Once you find the line with "Hun er MEGET" in the entries below, print it and each line after it up to and including the line with "Серьги-пусеты из белого", exactly, without pictures.

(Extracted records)
▬▬▬▬▬▬▬▬▬▬

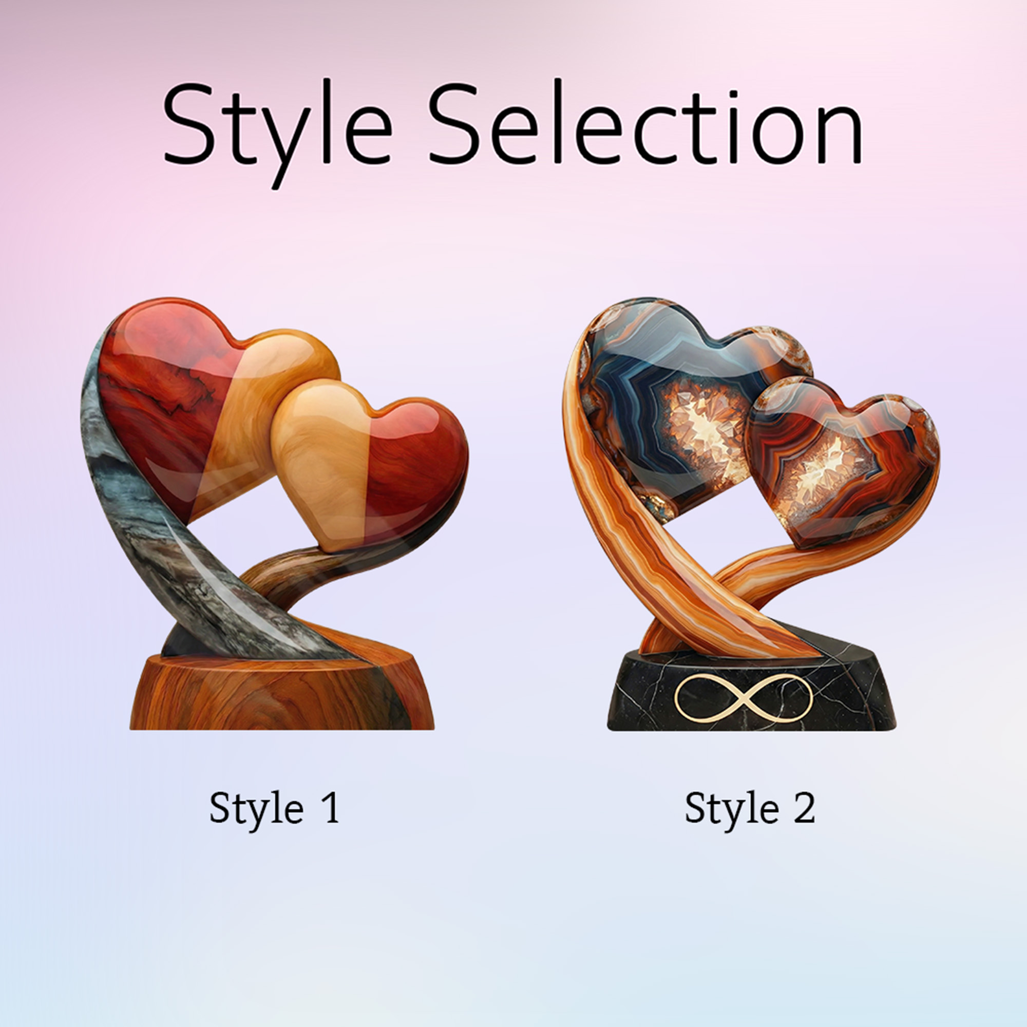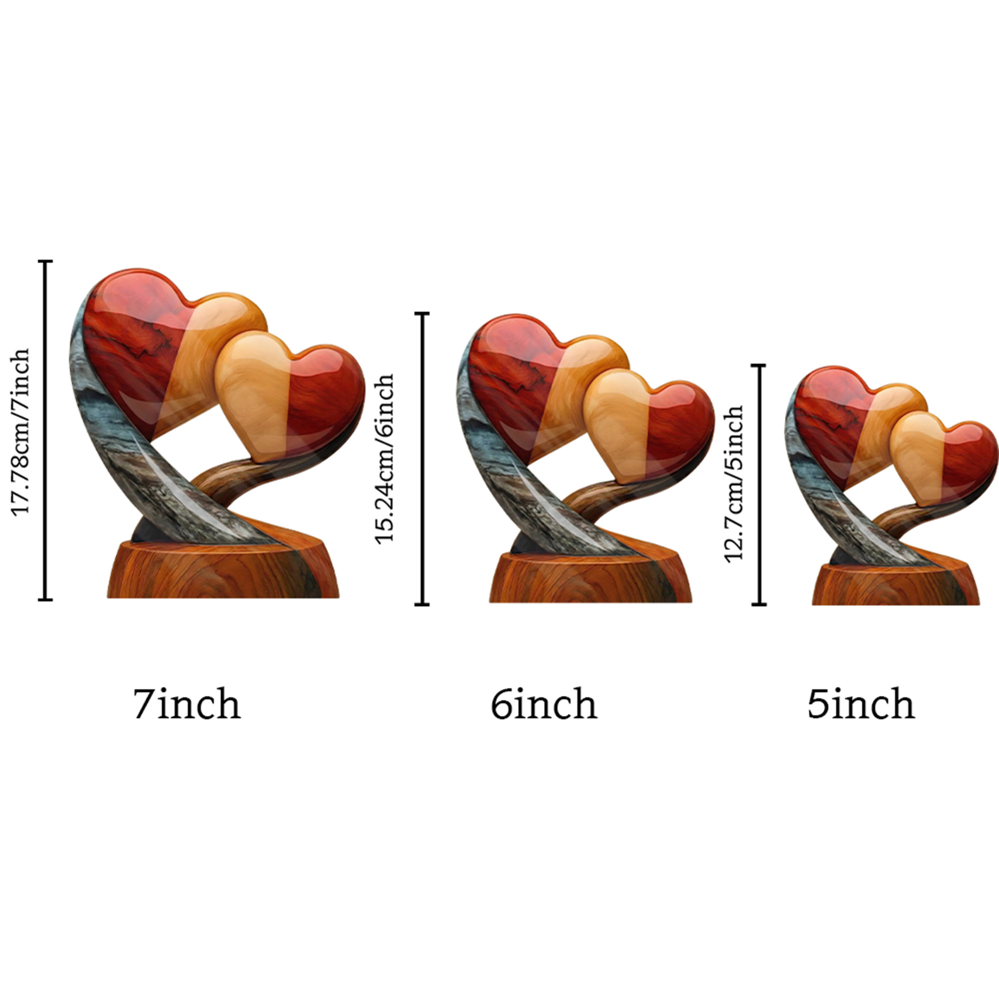 Interlocking Heart Tree Design – This elegant sculpture features two glossy hearts—interlocked in a flowing tree-like form, symbolizing unity, love, and growth. The smooth curves and vibrant red-and-amber tones reflect light beautifully, creating a striking centerpiece that captures the essence of enduring connection.
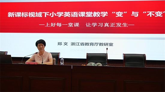 浙江省教育廳教研室小學英語教研員鄭文帶來《新課標視域下小學英語課堂教學的“變”與“不變”》的講座,她指出:變的是新課標,新理念,新教材;不變的是需時刻關注學生學習興趣的培養(yǎng),良好學習習慣的養(yǎng)成和學習方法的習得。結合具體案例“Chant和Spell”部分的教學,分析了新教材的變化。同時,指導一線教師將省編《課堂作業(yè)本》與單元主題聯(lián)結,更好地運用到課堂活動中去。湖州市小學英語教研員吳悅分享講座《新教材 新課堂——基于單元整體的小學英語課堂教學新實踐》,她首先聚焦新教材的設計編排,從教材的結構編排、體例變化、設計亮點這三方面全面解讀了新教材的新看點,然后從教育理念、課時內(nèi)容、詞匯句子、主題設置等方面的變化來詳細解讀新舊教材的對比。兩位專家對新教材的解讀及教學建議讓老師們明晰了教學方向,為保證和提升小學英語教學質(zhì)量提供了有力的支撐。
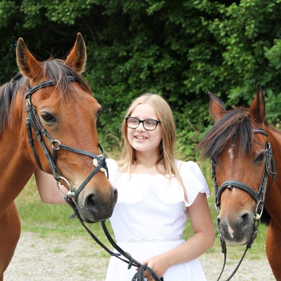 Hun er MEGET børnevenlig - og vant til at omgås små børn i det daglige (strigling samt ridning).
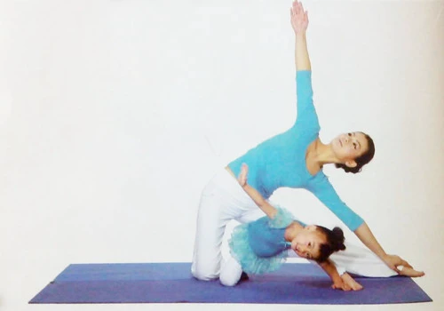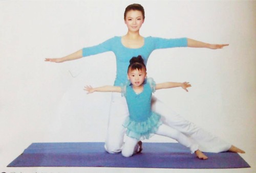 1、跪立,左腿向左伸直,左腳與右膝橫線對齊,吸氣。手臂側平舉與肩齊平,掌心向下。
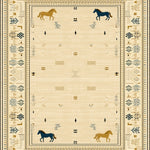 Flatwoven High Traffic Area Rug, Golden Mane Beige with Stylized Horse Silhouettes, Non Slip, Stain Resistant, Washable Area Rugs for Living Room, Bedroom (Beige) Overview:
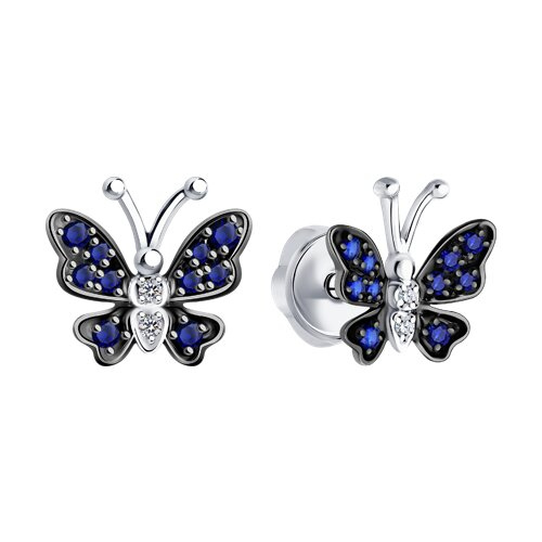 Серьги-пусеты из белого золота с бриллиантами и сапфирами SOKOLOV 2020827
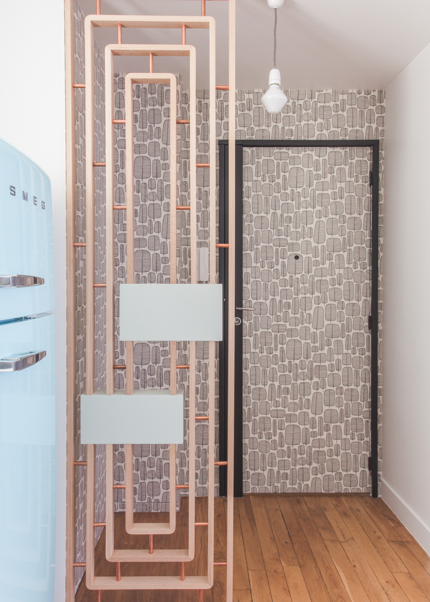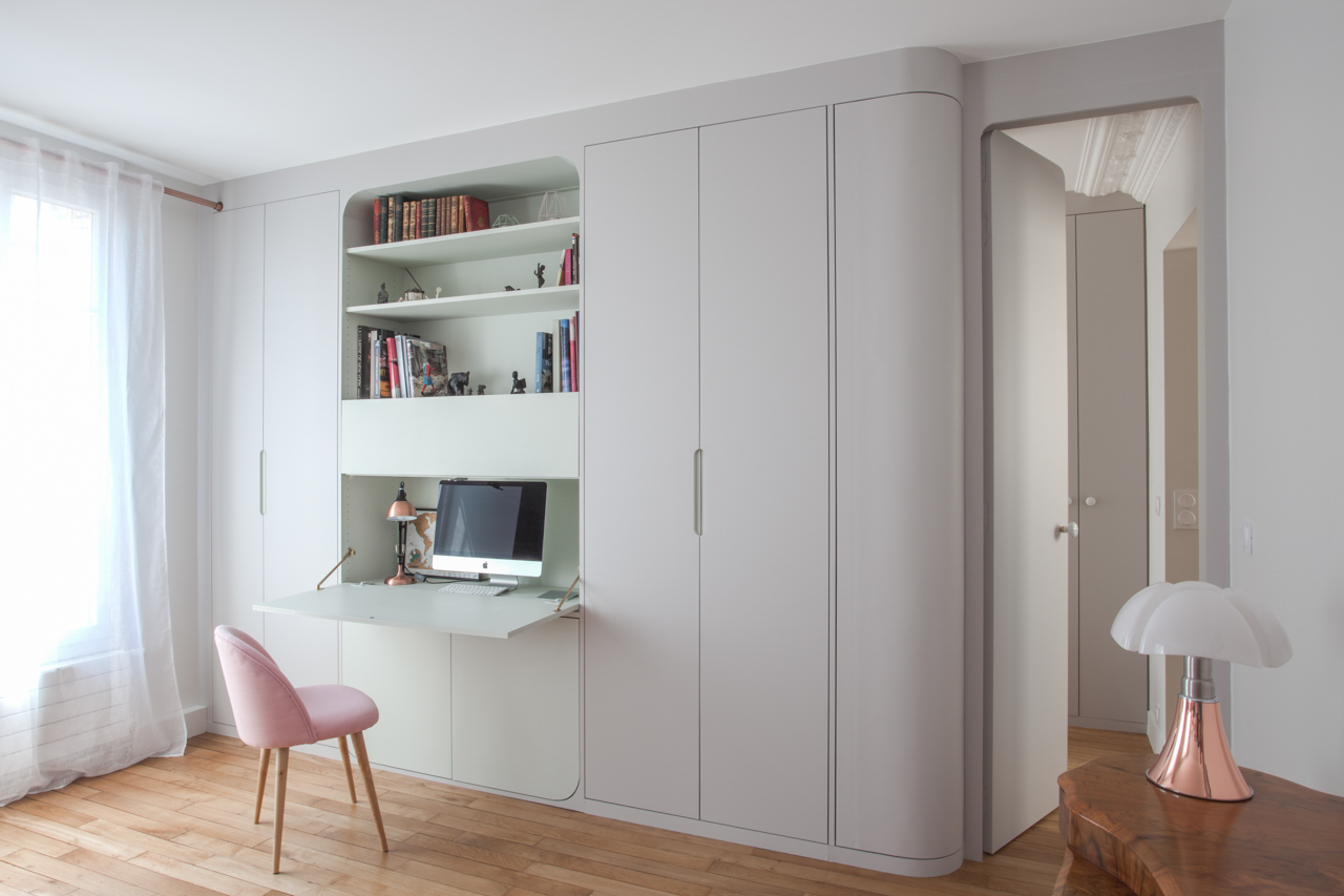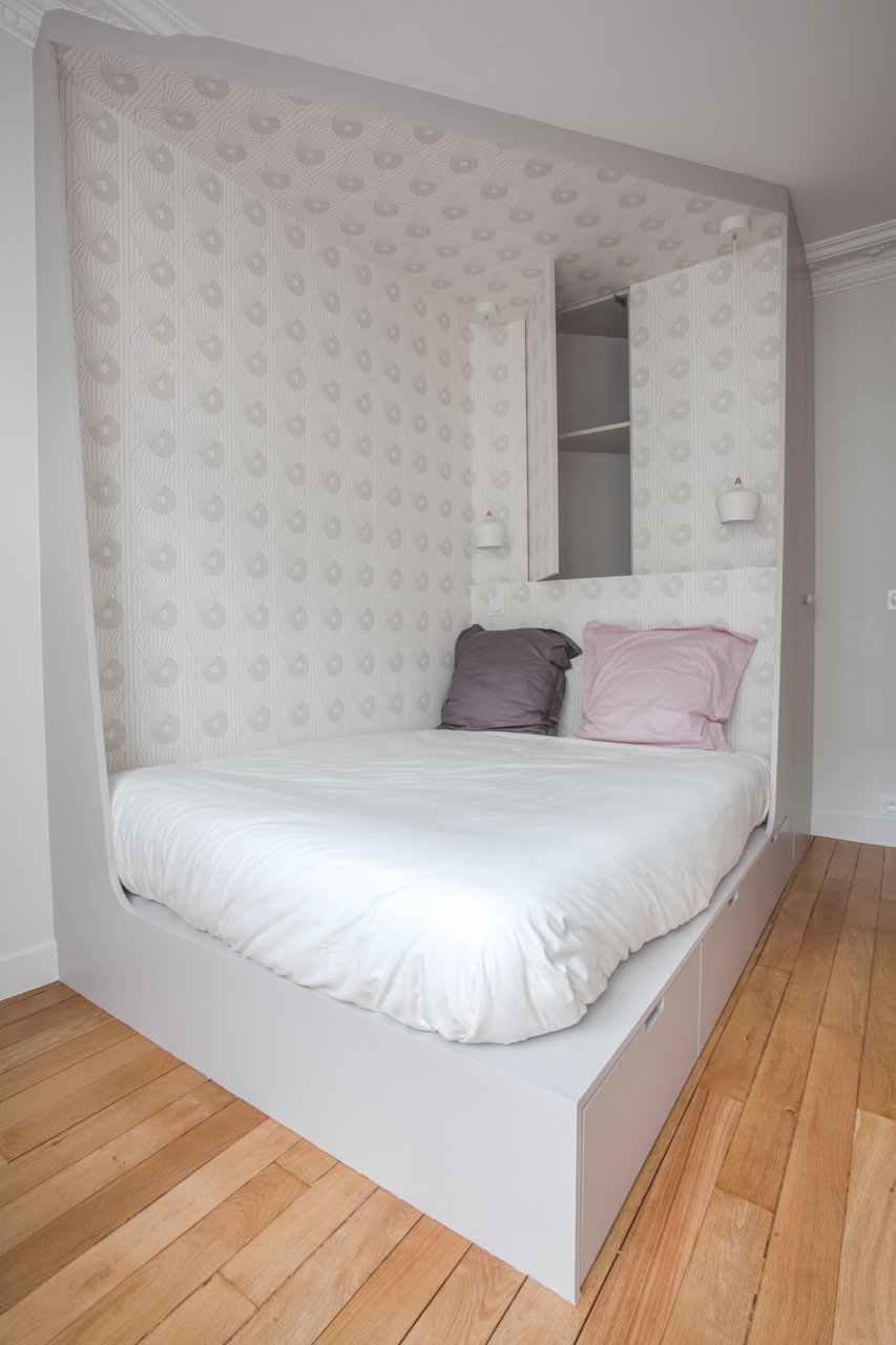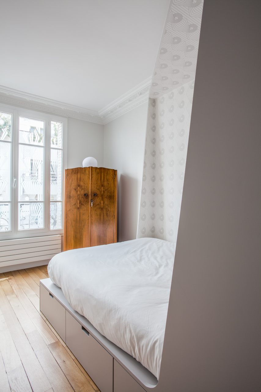 Réaménagement d’un appartement d’une surface de 50m² pour une personne célibataire. La suppression de la totalité des cloisons a permis la création d’un espace de vie central autour duquel le reste de l’appartement s’organise. L’ancien couloir a disparu. Un paravent ajouré sépare, sans isoler, l’entrée de la cuisine. Un grand meuble triple-faces, aux fonctions multiples (rangement / bureau / dressing), délimite discrètement le séjour de la chambre. Une « couchette » semi-ouverte et enveloppée de papier, y revisite le lit à baldaquin. La salle-de-bain attenante s’élargit au profit de nombreux rangements et d’une invisible lingerie.

▬▬▬▬▬▬▬▬▬▬

__Solution below__
 Hun er MEGET børnevenlig - og vant til at omgås små børn i det daglige (strigling samt ridning).
 1、跪立,左腿向左伸直,左腳與右膝橫線對齊,吸氣。手臂側平舉與肩齊平,掌心向下。
 Flatwoven High Traffic Area Rug, Golden Mane Beige with Stylized Horse Silhouettes, Non Slip, Stain Resistant, Washable Area Rugs for Living Room, Bedroom (Beige) Overview:
 Серьги-пусеты из белого золота с бриллиантами и сапфирами SOKOLOV 2020827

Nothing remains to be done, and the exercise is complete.